Andrew Percy: That is a failure on my part, and I am very sorry if it has not come across as that, because I have been absolutely clear in the offers that I have already made to you today.  I do not want to prejudge your report, but I have already said very clearly that I am keen to bring people together across Government and across the sector, in order to share best practice and to consider the recommendations of this Committee.  I have said already that I want to look at the alternatives to a statutory duty.  Neither of those things has happened up to now. 

I have also made very clear that I want this.  I have added it to my DCLG responsibilities and made sure it is on the website in a way that it has not been before.  I do not know the last time when anybody had parks listed on their ministerial responsibilities.  I want to be that champion across Government and bring Government Departments together.  My officials are already working with officials across Government on this sector.  I have already this afternoon said that I am keen to collect and receive the examples of best practice and make sure that we spread them across the network.  We are doing some of that through the website, and there are more opportunities to do it. 

These are local decisions; let us not pretend otherwise.  I am sure you think that that is an excuse but it is not; it is just a fact.
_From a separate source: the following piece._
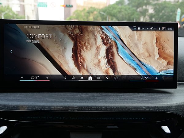 追隨著BMW家族成員的腳步,中控台也終於換上BMW最新的iDrive 8.5使用者介面,它有著和智慧手機相似且充滿科技美學的圖像式設計使用者介面,使用上更加直覺,如果有人嫌此界面操作不順或不夠直覺,那有可能是自己的手機太老舊,該換手機了。而此中控界面如同智慧手機,也提供了專屬個性化與客製化設定功能。新增的Quick Select快捷選單的虛擬按鍵,常用功能可透過選單快速操作,使用便利性大幅提升。

That is where responsibility for parks lies, and quite rightly.  My job is to share that best practice and bring the sectors together across Government.  I have made those offers to the Committee this afternoon and that was not happening a week ago, so hopefully that is a positive and passionate response.

Rushanara Ali: It will be one of your open cases, then.

Q182       Helen Hayes: It is clear from the evidence we have heard that, while responsibility for parks rests predominantly with local authorities, collectively across the country parks have a huge role to play in some of the most important issues we face as a country: obesity, air pollution, climate change and mental health issues.  Parks are playing a role and people value the role they play, and yet the funding is not filtering through to look after and care for our parks in the way that people want to see.  It is just a plea, Minister, that you think about that strategic role, which is a national role, and articulate a national vision and a role for national Government, as well as the role that local authorities quite rightly play.

Andrew Percy: Helen, that is exactly what I have offered today in terms of convening people across the sector and sharing best practice.  As I have already said, and in some of the evidence that you have heard, there are excellent examples of where local authorities have grasped this at a local level and understand its value to mental and physical wellbeing, and I want to share that best practice.  I want to go and see some of it for myself, of course, and that is exactly what I would hope to do in this role.

Q183       Rushanara Ali: Moving on to a slightly different subject, can you say a bit about what you are doing to support the development of alternative park management models?

Andrew Percy: This is one of those areas where my role as Parks Minister can perhaps be most useful in sharing this best practice across the sector.  Our Department, long before my appearance there, had a number of examples of where it supported this.  I will not focus too much on it today, but there is something else that we are looking at and announcing in the next couple of weeks that might help in this area as well.  We have had, of course, the Our Place and Delivering Differently projects, which are funding streams that were in place previously. 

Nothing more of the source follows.